◆ Excerpted records ◆
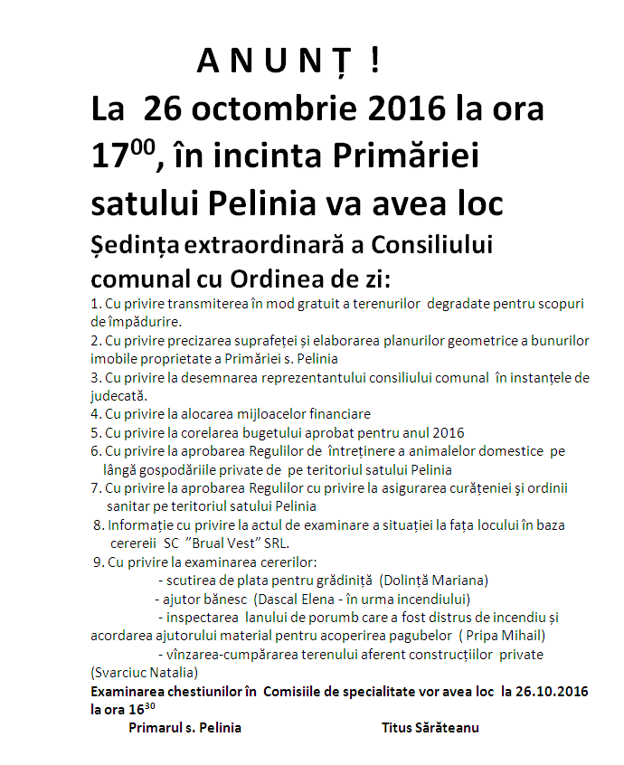 Acasă Noutăți Şedinţa extraordinară din 26.10.2016Şedinţa extraordinară din 26.10.201624 octombrie 2016132DISTRIBUIȚI Facebook Twitter ARTICOLE SIMILAREDE LA ACELAȘI AUTORPlanul de achiziții publice pentru anul 2025ANUNȚSpre Informare
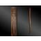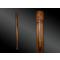 Casse-tête en bois monoxyle dont la tête est plate, travaillée en un décor en cartouches – dont l’un est doté d’incisions horizontales et également pourvu de deux légères protubérances rectangulaires – lui conférant des traits anthropomorphes.
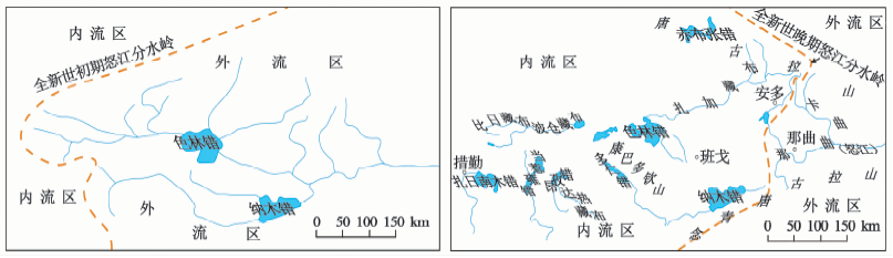 (3)“ 那曲运动” 持续活动至全新世早期, 差异性活动明显加剧, 近南北向或北东向垒、堑式构造成形, 特别是位于念青唐古拉— 那曲一带垒式断隆的形成阻断了古怒江主流, 造成大面积的羌南古怒江源区转变成内陆盆地, 分水岭大规模向东迁移至现今的位置。这种分水岭迁移并使外流区转变成内流区的现象并非仅怒江上游流域, 在青藏高原东北部黄河流域的共和盆地同样存在。共和盆地中部同样形成于“ 那曲运动” 的断隆带(将另文讨论)使原整个盆地均为外流盆地的盆地西半部成为内流区, 出现盆地东、西半部分属内、外流区的独特现象。
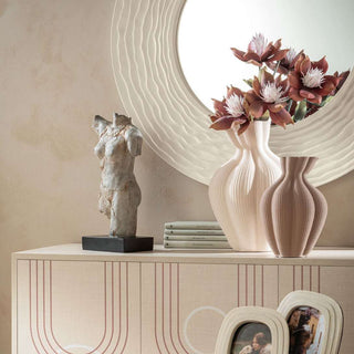 Realizzato in porcellana di alta qualità, combina linee armoniose e un design sofisticato, ideale sia per esporre fiori freschi e secchi che come elemento decorativo da solo. Grazie alla sua forma bassa e compatta, si adatta perfettamente a tavoli, mensole e consolle, donando personalità agli spazi.
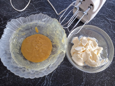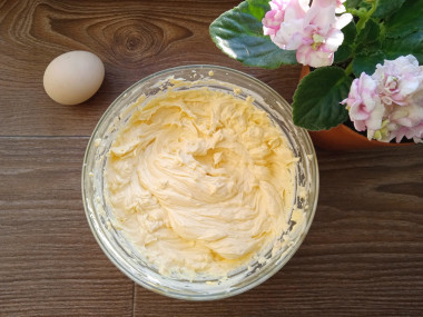 Выложите масло в глубокую миску и начните взбивать мягкое сливочное масло с помощью миксера, постепенно добавляйте к нему остывшую заварную основу. Взбивайте все вместе до получения крема однородной консистенции.
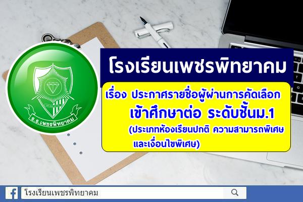 ประกาศโรงเรียนเพชรพิทยาคม เรื่อง ประกาศรายชื่อผู้ผ่านการคัดเลือกเข้าศึกษาต่อ ระดับชั้นมัธยมศึกษาปีที่ 1 ปีการศึกษา 2564 (ประเภทห้องเรียนปกติ ความสามารถพิเศษ และเงื่อนไขพิเศษ)

◆ Goal of the exercise ◆
What is needed here is each line above set down word for word, minus the images.

◆ Exercise output ◆
 Acasă Noutăți Şedinţa extraordinară din 26.10.2016Şedinţa extraordinară din 26.10.201624 octombrie 2016132DISTRIBUIȚI Facebook Twitter ARTICOLE SIMILAREDE LA ACELAȘI AUTORPlanul de achiziții publice pentru anul 2025ANUNȚSpre Informare
 Casse-tête en bois monoxyle dont la tête est plate, travaillée en un décor en cartouches – dont l’un est doté d’incisions horizontales et également pourvu de deux légères protubérances rectangulaires – lui conférant des traits anthropomorphes.
 (3)“ 那曲运动” 持续活动至全新世早期, 差异性活动明显加剧, 近南北向或北东向垒、堑式构造成形, 特别是位于念青唐古拉— 那曲一带垒式断隆的形成阻断了古怒江主流, 造成大面积的羌南古怒江源区转变成内陆盆地, 分水岭大规模向东迁移至现今的位置。这种分水岭迁移并使外流区转变成内流区的现象并非仅怒江上游流域, 在青藏高原东北部黄河流域的共和盆地同样存在。共和盆地中部同样形成于“ 那曲运动” 的断隆带(将另文讨论)使原整个盆地均为外流盆地的盆地西半部成为内流区, 出现盆地东、西半部分属内、外流区的独特现象。
 Realizzato in porcellana di alta qualità, combina linee armoniose e un design sofisticato, ideale sia per esporre fiori freschi e secchi che come elemento decorativo da solo. Grazie alla sua forma bassa e compatta, si adatta perfettamente a tavoli, mensole e consolle, donando personalità agli spazi.
 Выложите масло в глубокую миску и начните взбивать мягкое сливочное масло с помощью миксера, постепенно добавляйте к нему остывшую заварную основу. Взбивайте все вместе до получения крема однородной консистенции.
 ประกาศโรงเรียนเพชรพิทยาคม เรื่อง ประกาศรายชื่อผู้ผ่านการคัดเลือกเข้าศึกษาต่อ ระดับชั้นมัธยมศึกษาปีที่ 1 ปีการศึกษา 2564 (ประเภทห้องเรียนปกติ ความสามารถพิเศษ และเงื่อนไขพิเศษ)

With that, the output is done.